— Activity —
Set out exactly, and only, the lines running from the one containing "1.①城镇中最适宜布局2.②" to the bottom of the listing below; pictures stay out.

— Provided data —
━━━━━━━━━━

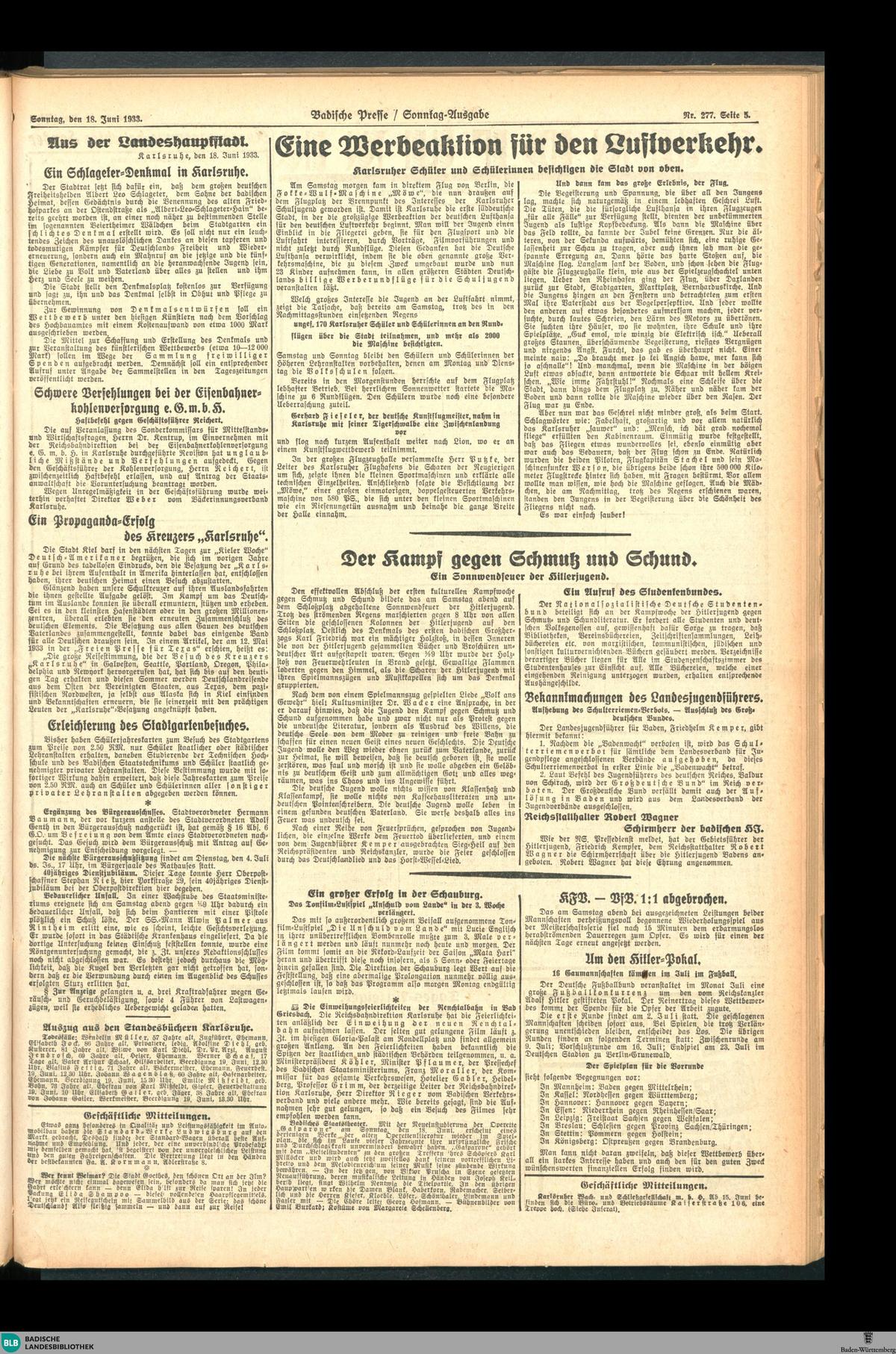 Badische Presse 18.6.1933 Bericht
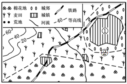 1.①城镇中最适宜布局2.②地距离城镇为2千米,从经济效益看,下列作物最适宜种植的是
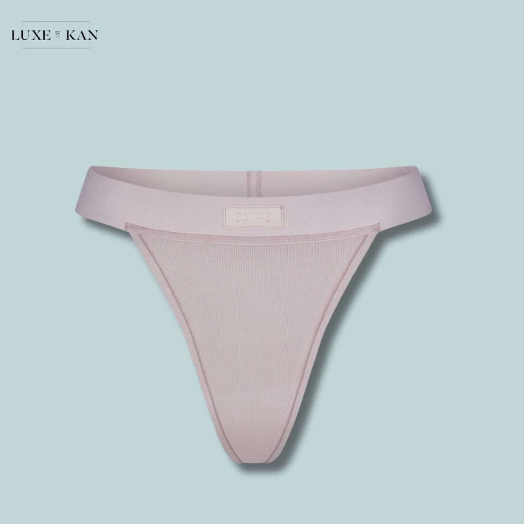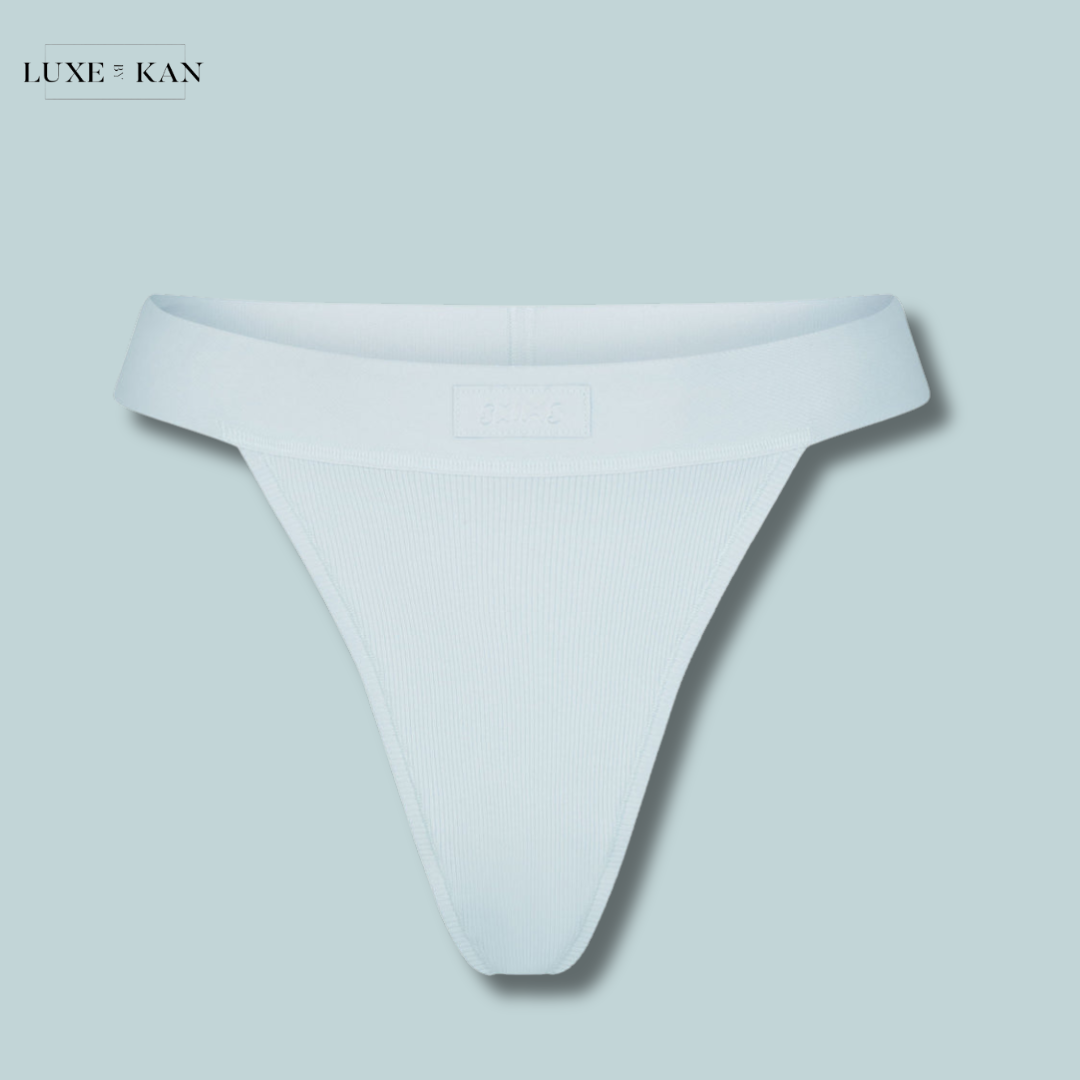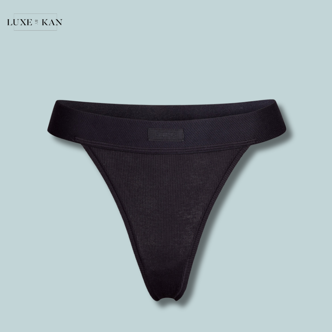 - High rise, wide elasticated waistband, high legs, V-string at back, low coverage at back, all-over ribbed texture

━━━━━━━━━━

— Exercise output —
 1.①城镇中最适宜布局2.②地距离城镇为2千米,从经济效益看,下列作物最适宜种植的是
 - High rise, wide elasticated waistband, high legs, V-string at back, low coverage at back, all-over ribbed texture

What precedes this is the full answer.